Sun June - Bad Dream Jaguar
Couldn't load pickup availability
Sun June’s music often feels like a shared memory – the details so close to the edge of a song that you can touch them. And as an Austin-based project, their music has also always felt strangely and specifically Texan – unhurried, long drives across an impossible expanse of openness, refractions shimmering off the pavement in the heat.
There’s a constant push-and-pull in Sun June’s songwriting. Vocalist and band leader Colwell and guitarist Stephen Salisbury have shared songwriting duties since the band’s inception, but Bad Dream Jaguar is the first time they collaborated from afar. Salisbury left Texas for North Carolina in 2020, shifting the way the band recorded, and beginning a long-distance relationship between him and Colwell. It gave more room to Sun June’s other members – lead guitarist Michael Bain (whose lithe guitar parts Colwell credits as imparting that “dust ol’ Texas sound”), bassist Justin Harris, and drummer Sarah Schultz – to explore other projects. And for Colwell, it made it easier to explore songwriting as an individual, living and writing songs alone.
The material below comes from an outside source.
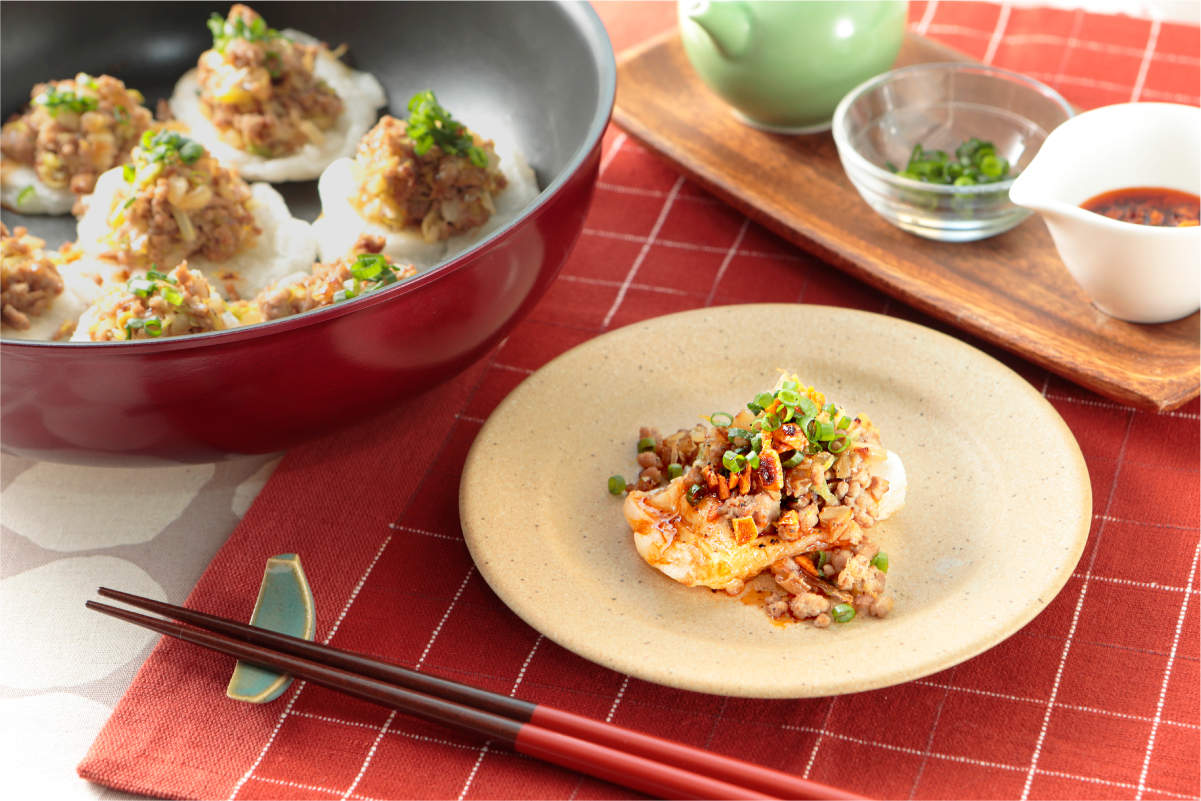 いつもの肉まんをカリッと焼き上げて、ニラとたまごのスープあんをたっぷりかけて召し上がれ。

It also meant there was a newfound privacy to these songs, as Colwell and Salisbury wrote songs for and about one another some 1300 miles apart. The distance strained their relationship, and they poured those struggles into songs. When Salisbury sent the first iteration of “Washington Square” to Colwell, it felt like a gut punch – a, “Damn, he’s really going through it” moment. It felt heavier to be collaborating and songwriting in this way, not inhabiting the same room but instead the same lonely sadness. But it also allowed for a new type of intimacy. And it was a comfort in some ways, to be allowed into someone else’s psyche and pain. To be truly seen, even from afar.
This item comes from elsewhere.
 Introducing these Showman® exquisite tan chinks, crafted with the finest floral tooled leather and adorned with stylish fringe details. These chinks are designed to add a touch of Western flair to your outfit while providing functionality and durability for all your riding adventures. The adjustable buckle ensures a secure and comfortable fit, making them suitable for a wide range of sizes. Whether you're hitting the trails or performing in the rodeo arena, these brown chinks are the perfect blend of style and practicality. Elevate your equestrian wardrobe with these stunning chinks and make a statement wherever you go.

Colwell left Texas in 2022 for North Carolina. The record was recorded in spurts, the first Sun June LP that wasn’t just born out of five musicians in a room. It took five or six sessions across a number of studios, with the bulk of it coming together at producer Duszynski’s Dandy Sounds. They also invited in more collaborators to flesh out their cinematic, spacious sound. Here, the existing line-up of Colwell, Salisbury, Bain, Harris, and Schultz, alongside guitars/vocals from new touring member Santiago Dietche, is built out with woodwinds from Alexis Marsh, Justin Morris’ pedal steel, and Duszynski’s guitars and synths. It required trust in new collaborators, and in each other, in a new process.
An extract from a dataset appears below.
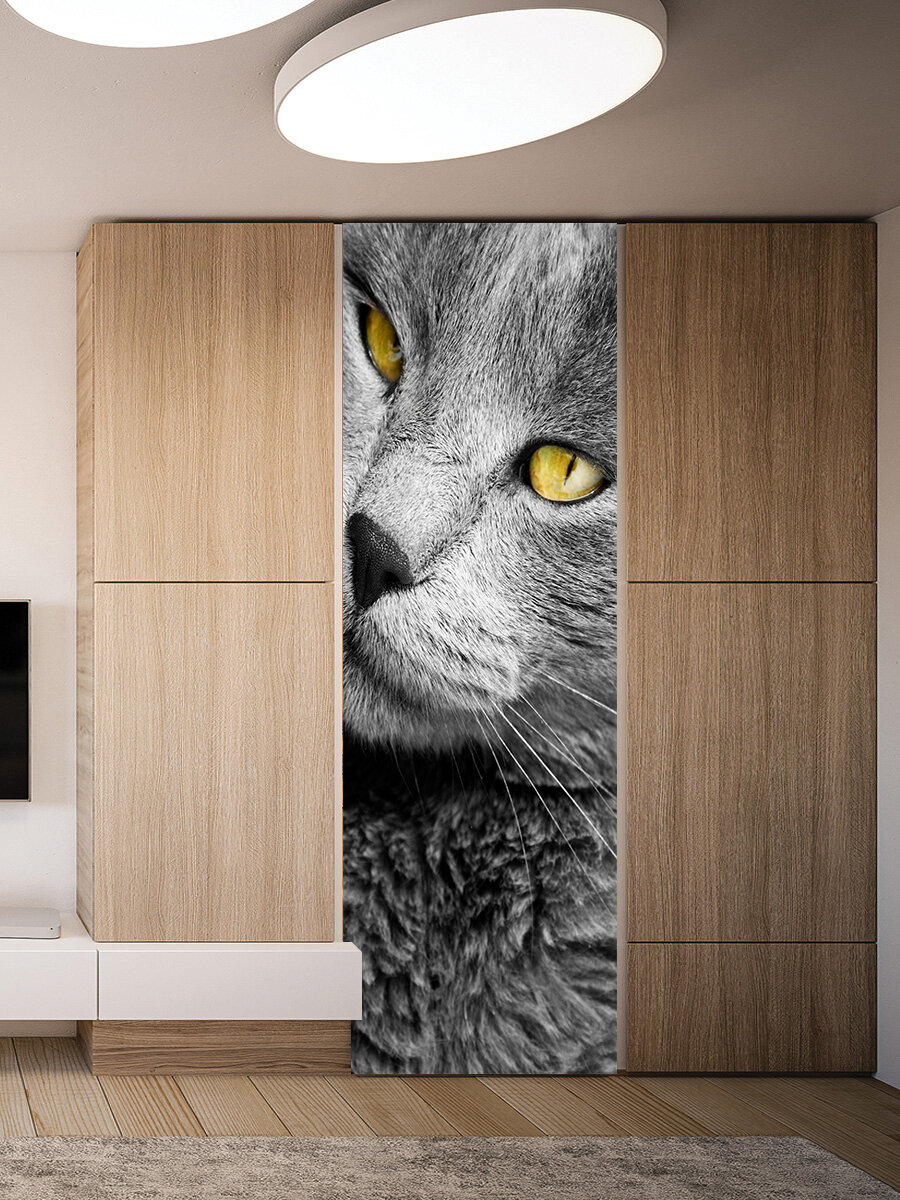 Наклейка интерьерная на дверь "Макро портрет красивого серого кота", самоклеющаяся 80х200 см. интересное:

The bulk of the record was written after the release of 2021’s Somewhere. Bad Dream Jaguar is the most disparate yet, a collage of soundscapes, of fever dreams. It toes the line between country and pop, like putting on a cowboy hat and sitting in your bedroom alone, or getting all dressed up in glitter and just staying home.
Colwell has an ear for restraint, for editing it down and embracing emptiness; Sun June’s records have always been deceptively airy sounding in the face of melancholia, belying its densely textured foundation in a sense of ease. The layers on Bad Dream Jaguar don’t tangle they float, sheaths of divergent and luminescent sonics hanging together as the sun goes down, darkness seeping in.
Bad Dream Jaguar exists in the chasm between giving up and going all-in. And a flicker of quiet confidence powering through, a small hopeful glow at its core.